• _About this task_
Using the entries below, copy exactly each line from the line with "- Privacy - Location" up to and including the line with "The Inspector General", with every picture left out.

BEGIN

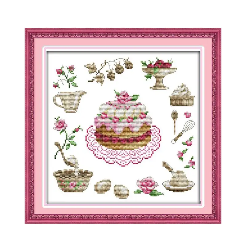 Kue Ulang Tahun Cross Stitch Kit Gambar Kartun Makanan Aida 14ct 11ct Count Cetak Kanvas Jahitan Bordir DIY Buatan Tangan Menjahit PLUS|handmade needlework|embroidery diycross stitch kits - AliExpress
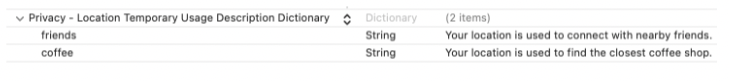 - Privacy - Location Temporary Usage Description Dictionary
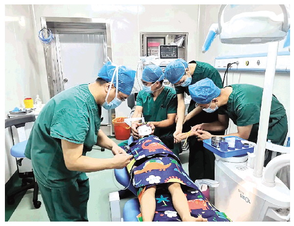 邹红英介绍,为了帮助儿童配合治疗,“打破”惧怕看牙的心理,口腔科与麻醉科手术室合作,开展儿童舒适化口腔治疗。这是一项针对临床治疗中对牙科治疗恐惧症患儿、低龄或智障儿童实施常规口腔诊疗的特色技术项目,其优点是医生可以全麻镇静下、一次治疗中高质高效地完成患儿口腔内所有需要进行的治疗,特别适用于配合难度大,治疗需要量大的患儿,实现无痛舒适化的就医感受。
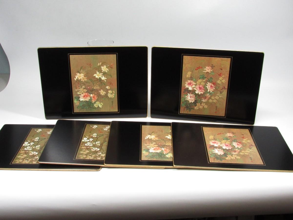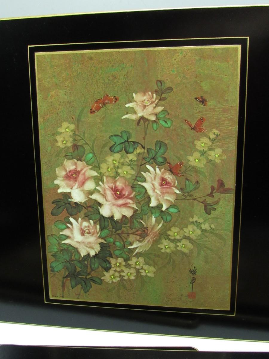 Vintage Set of Lordy Clare Made in England Cellulose Finish Oriental Flower Trays
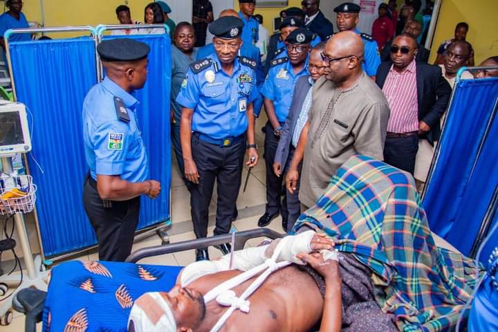 The Inspector General of Police, Ag. IGP Kayode Adeolu Egbetokun, NPM, Ph.D., on Thursday 28th September, 2023, visited the National Trauma Centre, National Hospital, today to personally assess the condition of a Police Inspector, Omeje Matthew, who was brutally attacked and macheted by armed hoodlums at his residence in Kabusa, Abuja.
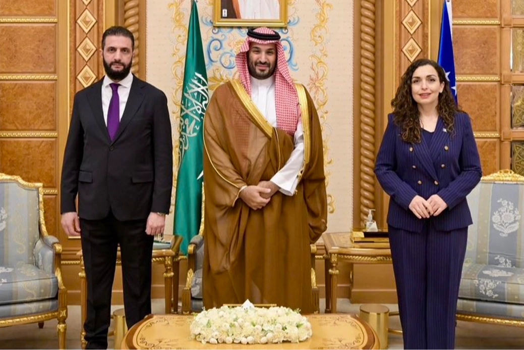 Suriye ve Kosova'dan heyetler, Suudi Arabistan'ın başkenti Riyad'da Suudi Arabistan Veliaht Prensi Muhammed bin Selman'ın da katılımıyla üçlü toplantıda bir araya geldi. Toplantıda, karşılıklı resmi tanıma, işbirliği ve ortak anlayışın geliştirilmesine ilişkin başlıklar ele alındı. Toplantı sonrasında Suriye Dışişleri Bakanlığı'ndan yapılan yazılı açıklamada, "Suriye, halkların kendi geleceğini tayin etme hakkına olan inancından ve Balkanlar'da barış ile istikrarın güçlendirilmesine yönelik kararlılığından hareketle, Kosova'yı bağımsız ve egemen bir devlet olarak tanımaktadır" ifadelerine yer verildi. Açıklamada, alınan kararın Suriye'nin dünyadaki farklı ülkelerle iş birliği köprülerini genişletme ve dostane ilişkileri geliştirme politikası çerçevesinde olduğu vurgulandı. Ayrıca, Suudi Arabistan'ın yapıcı rolüne dikkat çekilerek, "Riyad yönetiminin görüş ayrılıklarını yakınlaştırma ve diyalogu destekleme yönündeki çabaları bu kararın alınmasında uygun şartları oluşturmuştur" denildi. Şam yönetimi, Kosova ile en kısa sürede diplomatik ilişkiler kurmayı ve siyasi, ekonomik ve kültürel alanlarda iş birliğini geliştirmeyi hedeflediğini bildirdi. Osmani'den eş-Şara'ya teşekkür
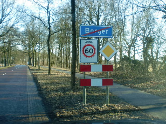 De weg tussen Ees en Borger is een 60 km weg geworden. Ter hoogte van het uitkijkplateau krijgen de klinkers een andere kleur. Het is de bedoeling om de witte strepen te verwijderen en het wegbeeld te veranderen, zodat er rustig gereden wordt.
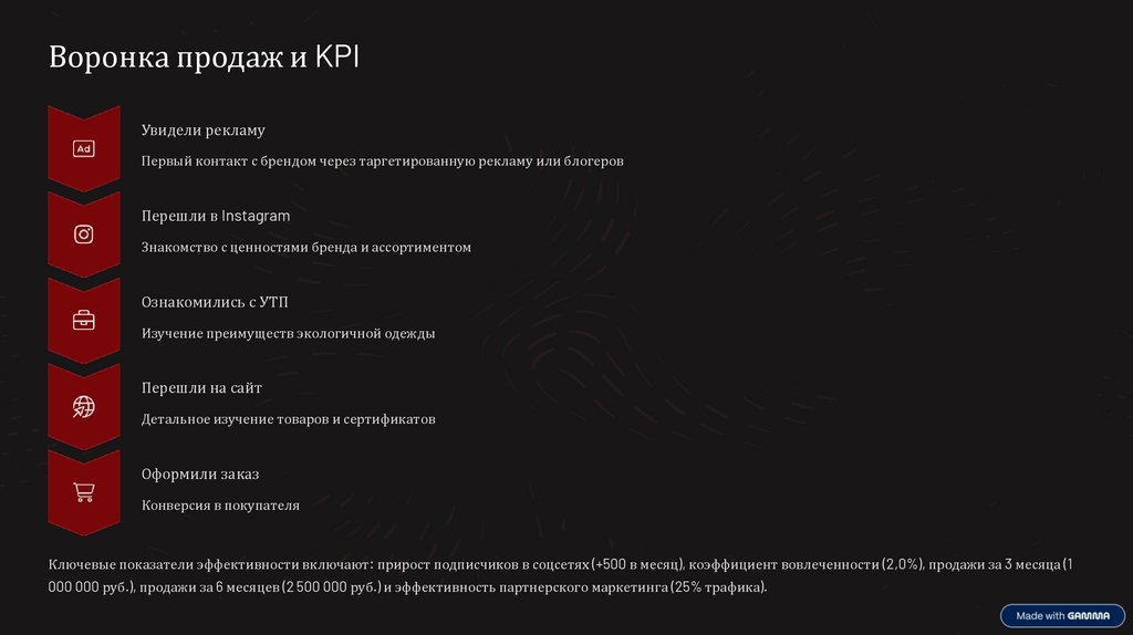 000 000 руб.), продажи за 6 месяцев (2 500 000 руб.) и эффективность партнерского маркетинга (25% трафика).
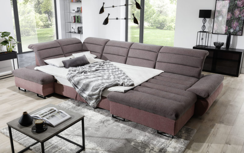ROMA U-alakú sarokgarnitúra állítható mélységű háttámlákkal és kartámlával,beépített fejtámlákkal. Ágynak nyitható és két ágyneműtartós kivitelben. Kényelmes rugós és szivacsos ülőfelülete és a mozgatható elemei tökéletes ellazulást ígérnek egy fáradt nap után. Jobbos és balos állásban, MINDEN színben és sokféle anyaggal, akár VALÓDI BŐR kárpittal is rendelhető sarokkanapé.
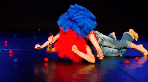 Wenn nichts mehr zu retten ist, sagen wir „Alles im Eimer!“. Aber in der neuen Tanzproduktion von Barbara Fuchs dreht sich alles um zwei Eimer, die voller Ideen und Emotionen stecken. Der eine ist rot und der andere ist blau, zwei Farben und zwei Enden der Welt, als die Eimer von den beiden Tänzerinnen Emily Welther und Odile Foehl ausgeleert werden, bedeckt ihr Inhalt gleich die ganze Bühne der Veranstaltungshalle von Barnes Crossing. Überall liegen Nasen herum, mit denen man sich verwandeln kann, wie überhaupt die Verwandlung unablässig den Fortgang des Geschehens bestimmt.
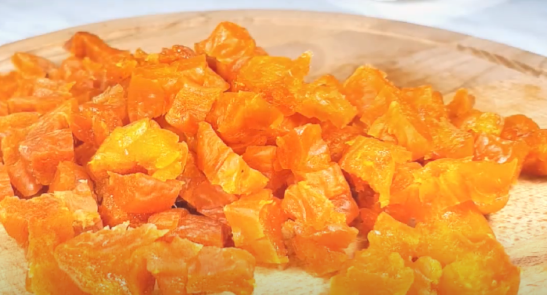 Цим часом підготуємо курагу – 100 г. Помиємо, обсушимо та наріжемо на дрібні шматочки.
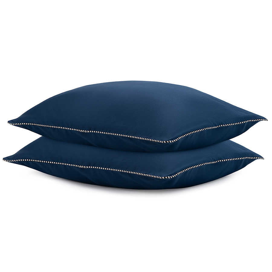 "Набор из двух наволочек темно-синего цвета с контрастным кантом из коллекции Essential дополнит постельное белье базовых оттенков. В составе материала хлопок и тенсель (,эвкалиптовое волокно),. Хлопок придает изделию легкость и отличные гигроскопические свойства. Благодаря тенселю ткань обладает бактерицидными свойствами и повышенной прочностью, меньше мнется и очень приятна к телу, напоминая одновременно шерсть и лен, поскольку сохраняет тепло и дает ощущение прохлады. Тенсель относится к экологически чистым волокнам, его производство не загрязняет окружающую среду.

END

• _Solution for this task_
 - Privacy - Location Temporary Usage Description Dictionary
 邹红英介绍,为了帮助儿童配合治疗,“打破”惧怕看牙的心理,口腔科与麻醉科手术室合作,开展儿童舒适化口腔治疗。这是一项针对临床治疗中对牙科治疗恐惧症患儿、低龄或智障儿童实施常规口腔诊疗的特色技术项目,其优点是医生可以全麻镇静下、一次治疗中高质高效地完成患儿口腔内所有需要进行的治疗,特别适用于配合难度大,治疗需要量大的患儿,实现无痛舒适化的就医感受。
 Vintage Set of Lordy Clare Made in England Cellulose Finish Oriental Flower Trays
 The Inspector General of Police, Ag. IGP Kayode Adeolu Egbetokun, NPM, Ph.D., on Thursday 28th September, 2023, visited the National Trauma Centre, National Hospital, today to personally assess the condition of a Police Inspector, Omeje Matthew, who was brutally attacked and macheted by armed hoodlums at his residence in Kabusa, Abuja.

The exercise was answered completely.